Data is demultiplexed or not? And DADA2 or Qiime2 as a pipeline?

EnyaroHatsonveski · December 16, 2022, 6:26am

How to know if my data is demultiplexed or not? I am attaching a screenshot of the two bioprojects on NCBI and how their metadata files look like (one with a barcode column and the other doesn't have that column) and how the fastQ files look like when I "cat"ed one of them in the terminal.

-Secondly, can I "fully" analyze my single-end 16S rRNA microbiome data using the DADA2 pipeline, or QIIME2 would be better in terms of performance (for a beginner), so what is the best approach to go for?

If I go for Qiime2, how can I import the demultiplexed (if so) data into Qiime2 without the barcodes file (since the data doesn't have them as a separate file or in the metadata)?

szymanski · December 16, 2022, 6:09pm

Usually demultiplexed data will be many files, one for each sample. If you downloaded this and have 98 fastq files, then its already demultiplexed.
The import tutorial is pretty useful here for getting things in. If your data is already demultiplexed, you could load it in with a manifest as described, or if the formatting is right, you can try Casava 1.8 importing options described in the tutorial.

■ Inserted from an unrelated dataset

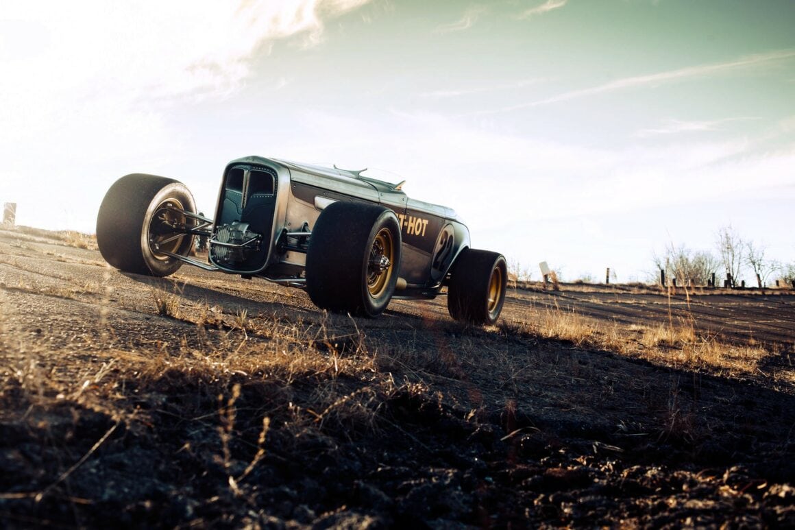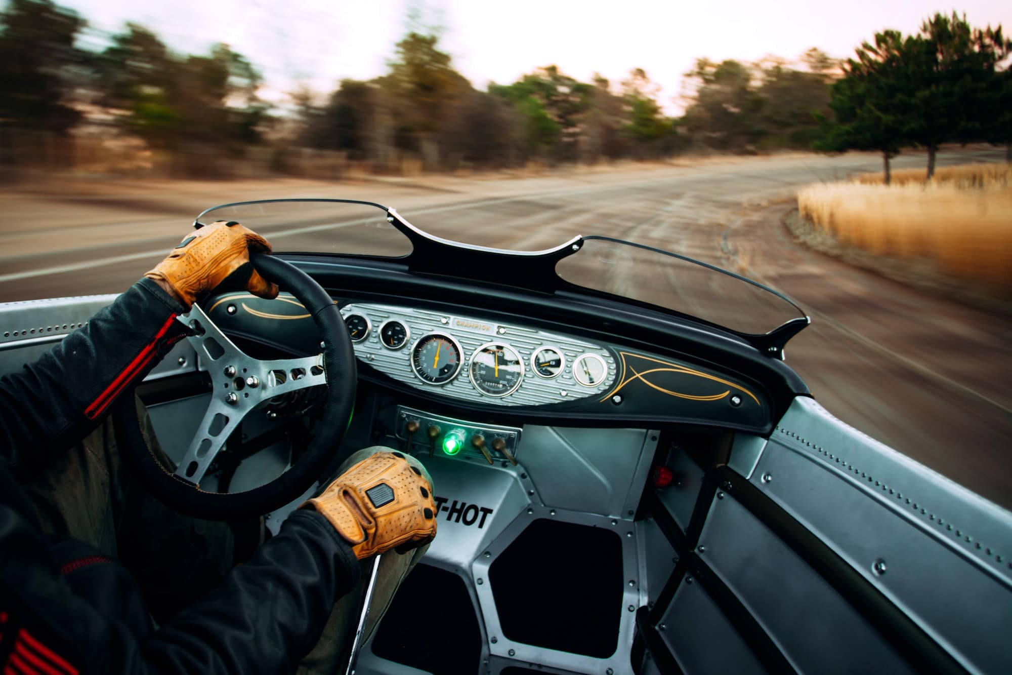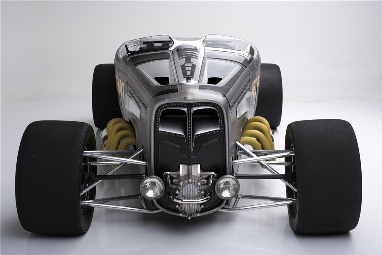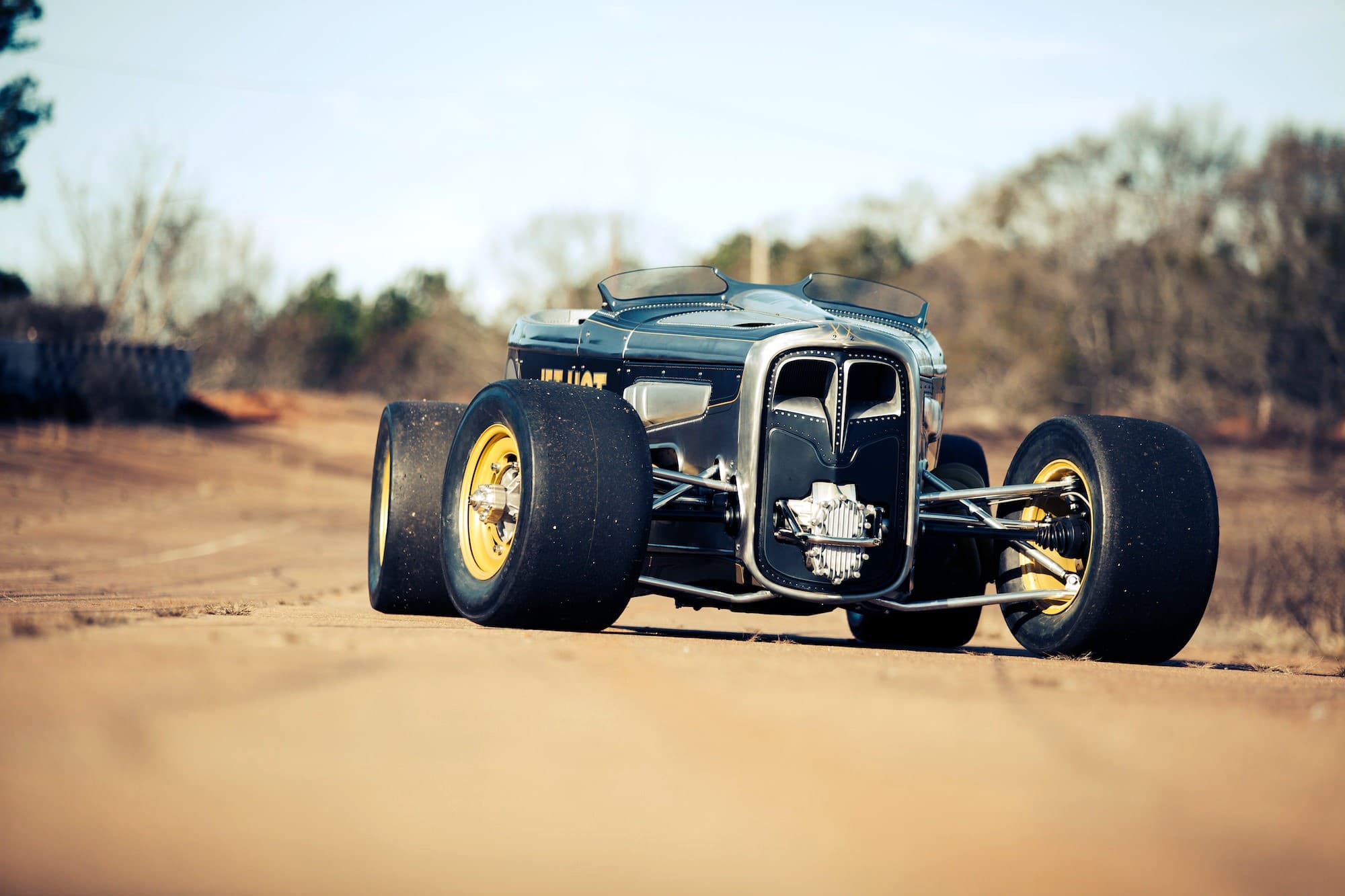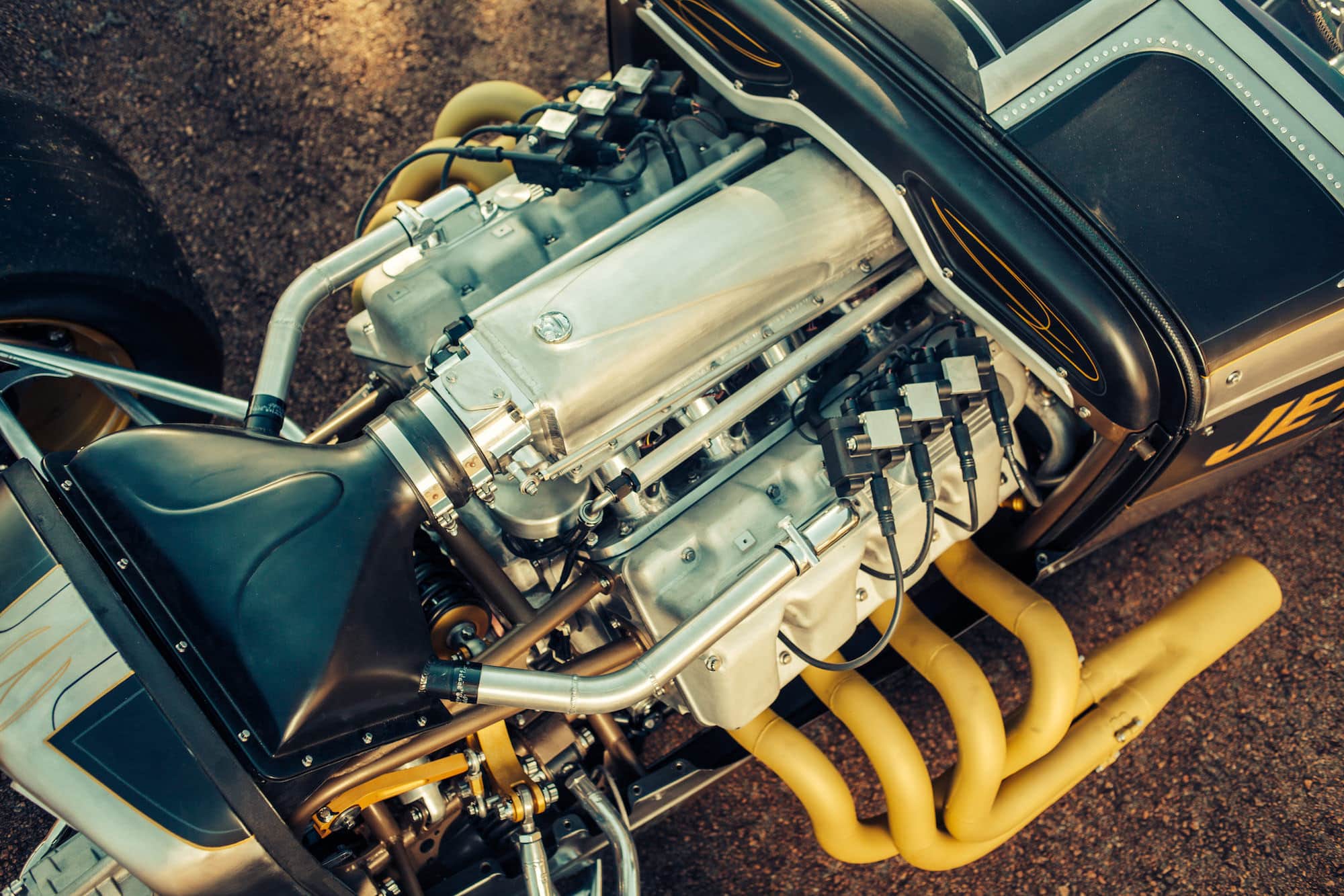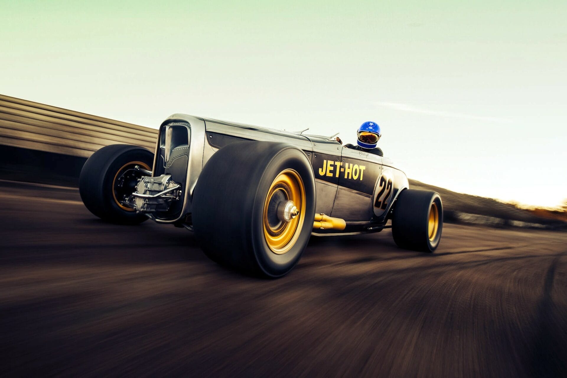 Il est temps d’en venir au Hot-Rod dont les photos (plus d’une trentaine) illustrent cet article. Bryan Fuller et son équipe ont développé un châssis qui s’adapte parfaitement à l’intérieur d’une carrosserie Ford ’32, ils l’ont ensuite motorisé d’un V8 John-Kaase-Boss de 576ci (9.400cc) préparé par Kurt Urban, développé une transmission AWD personnalisée et l’ont associée à une suspension dérivée de la course.

QIIME2 has a DADA2 plug in so, as far as I know, you can do the analysis you would do in DADA2 in QIIME2. Most amplicon studies are with 16S data, so I believe you should be fine. Others might be able to help more with more information though, like read length.

If the data is already demultiplexed then the main issue that might happen is if the barcodes are still in the sequences. If you are downloading from a database, it might have information that details if the uploaded sequences are processed at all or provide additional files elsewhere. You could also probably ask the uploader of the data, if that information is available or known to you, how it was handled if there isn't enough info listed there.
I would recommend if you are a beginner to follow through the various QIIME2 tutorials to get a handle on the steps and programs first possibly and for easier troubleshooting.

EnyaroHatsonveski · December 17, 2022, 6:53am

Thank you so much for the prompt response. Now that I know that the data is demultiplexed. However, excuse my confusion, I still don't know how to import the data into Qiim2 as I still can't figure out which format my data is in. I am attaching the file names and the "head" of my fastq files of the datasets I am working on in case that helps.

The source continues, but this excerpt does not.